5.) Olfa Hamrouni raised her Four Daughters in a relatively liberal Muslim environment in Tunisia, and yet her two oldest girls ran off to kill people for ISIS. Kaouther Ben Hania’s film tells this story but tells it slant by having Hamrouni interact with her two remaining daughters and two actresses cast as the girls, the real-life versions of whom are currently sitting in a Libyan prison. Like Preciado, Ben Hania brings together real testimonies and filmed reenactments to create a compelling form of truth.

 

6.) One of the year’s best animated films was They Shot the Piano Player, a mix of documentary and fiction. An American music critic (Jeff Goldblum) hears the recorded piano stylings of Francisco Tenório Júnior, then travels all over Brazil and Argentina to find out what happened to the samba musician, who went out for sandwiches one night in 1976 and was never seen again. Samba’s all-time greats weigh in on what Tenório Júnior could have achieved, and his sad story plays out in riotous colors by directors Fernando Trueba and Javier Mariscal.

 

7.) If you weren’t around in the late 1980s, you might have trouble fathoming what a huge Hollywood star Michael J. Fox was at that time.

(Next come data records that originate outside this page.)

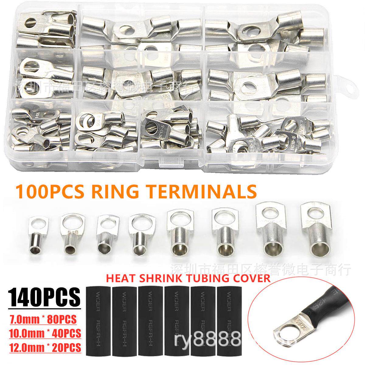 100-240PCS银色窥口端子 SC铜接线端子 冷压端子套装 铜端子盒装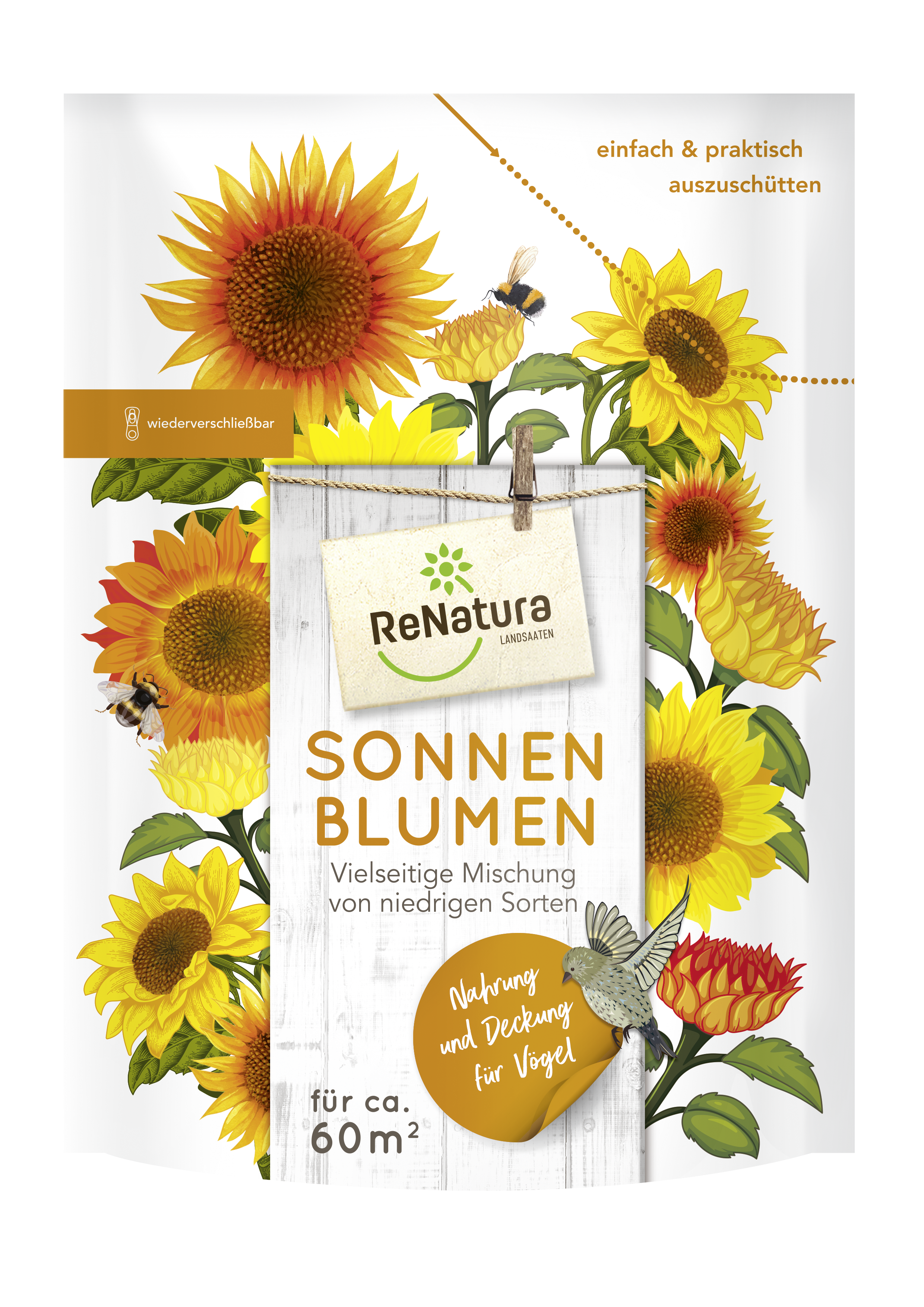 Die Sonnenblumen von ReNatura® zeichnen sich durch ihre gelb- und orangeleuchtenden Blüten aus. Durch die Verwendung mehrerer Sorten entsteht eine Mischung mit unterschiedlichen Blütenfarben und -größen. Die Sonnenblumen werden während der Blüte besonders gerne von Hummeln angeflogen und die Samen dienen später als Nahrung für viele Vogelarten und Nagetiere. Werden die Sonnenblumen über den Winter hinweg stehen gelassen, bieten diese auch in der kalten Jahreszeit einen beliebten Lebensraum und vor allem eine Nahrungsquelle für Gartenvögel.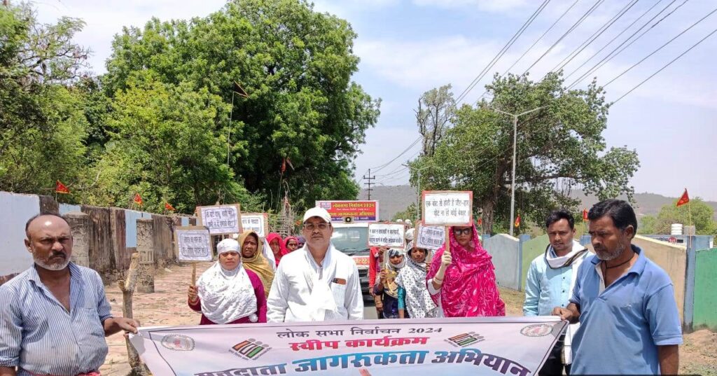 मतदाताओं को जागरूक करने महिलाओं ने तख्ती पर स्लोगन लिख निकाली रैली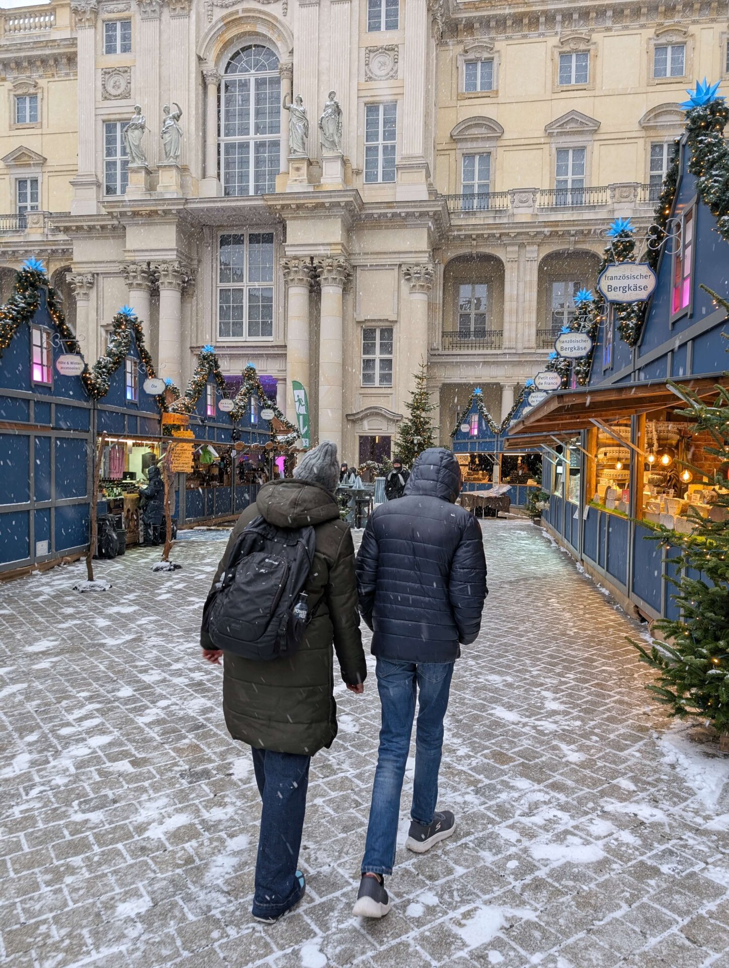 Valdemar vågnede først kl. 10, så igen sov han 12 timer. Valdemar var nok helst blevet hjemme, men vi gik alligevel en tur ned til julemarkedet ved slottet – et af de eneste, der stadig har åbent. Selvom det var begyndt at tø, kunne vi stadig nyde lyden af at gå i den knirkende sne. Nej, ligesom man ikke salter fortovene, rydder man dem heller ikke for sne.

Davis Guggenheim casts his gaze on the actor, his short-statured frame ravaged by Parkinson’s, in Still: A Michael J. Fox Movie. He received his diagnosis when he was still in his 20s, and his sense of living on borrowed time contributed to mistreating people and starring in bad movies (Life With Mikey, anyone?). Now Fox looks back on his life with perspective and no small amount of humor: “In 20 years, I’ll either be cured, or I’ll be a pickle.”

 

8.) Maybe the prospect of a four-hour Holocaust documentary (four and a half with the intermission) makes you want to crawl underneath the covers, but in Occupied City, Oscar-winner Steve McQueen gives us no historical footage, no photos of the victims or the killers, no interviews with survivors. Instead, he adapts a book by his wife, Bianca Stigter, and shows us footage of the city of Amsterdam during and after the COVID lockdown while narrator Melanie Hyams tells us about the atrocities and acts of resistance that happened at the addresses we see. It makes for an unexpectedly light film, pointing toward the future while acknowledging the past.

 

9.) Danish director Lea Glob spent more than a decade following French-born fellow Dane Apolonia Sokol from her days as a struggling painter in Paris to becoming an art-world star, with stops in New York, Los Angeles, Szczecin, and Istanbul. The result is Apolonia, Apolonia, tracking the artist’s fights against self-doubt and sexism in the art establishment, as well as her affair with a stunningly pretty Ukrainian fashion model, which ends in crushing fashion. In less than two hours, the film seems to capture an artist’s whole maturity.

 

10.) We end with a tie. Renaissance: A Film by Beyoncé and Taylor Swift: The Eras Tour both make it onto this list on their artistic merits, but they also proved to be pop-culture phenomena, and how many documentaries reach that status? They captured perhaps the world’s two biggest music stars right now at the height of their form, and they also pointed to a possible way forward for movie theaters still recovering from the pandemic.

 

Honorable mention: Raoul Peck’s Silver Dollar Road … Nicole Newnham’s The Disappearance of Shere Hite  … Sara Nodjoumi and Till Schauder’s A Revolution on Canvas … Errol Morris’ The Pigeon Tunnel … Lucien Castaing-Taylor and Véréna Paravel’s De Humani Corporis Fabrica … Julie Cohen’s Every Body … Hubert Davis’ Black Ice … Matthew Heineman’s American Symphony … Moses Bwayo and Christopher Sharp’s Bobi Wine: The People’s President … Anna Hints’ Smoke Sauna Sisterhood … Nisha Pahuja’s To Kill a Tiger … D. Smith’s Kokomo City … Joe Brewster and Michèle Stephenson’s Going to Mars: The Nikki Giovanni Project … Laura McGann’s The Deepest Breath … Wim Wenders’ Anselm … Sam Green’s 32 Sounds.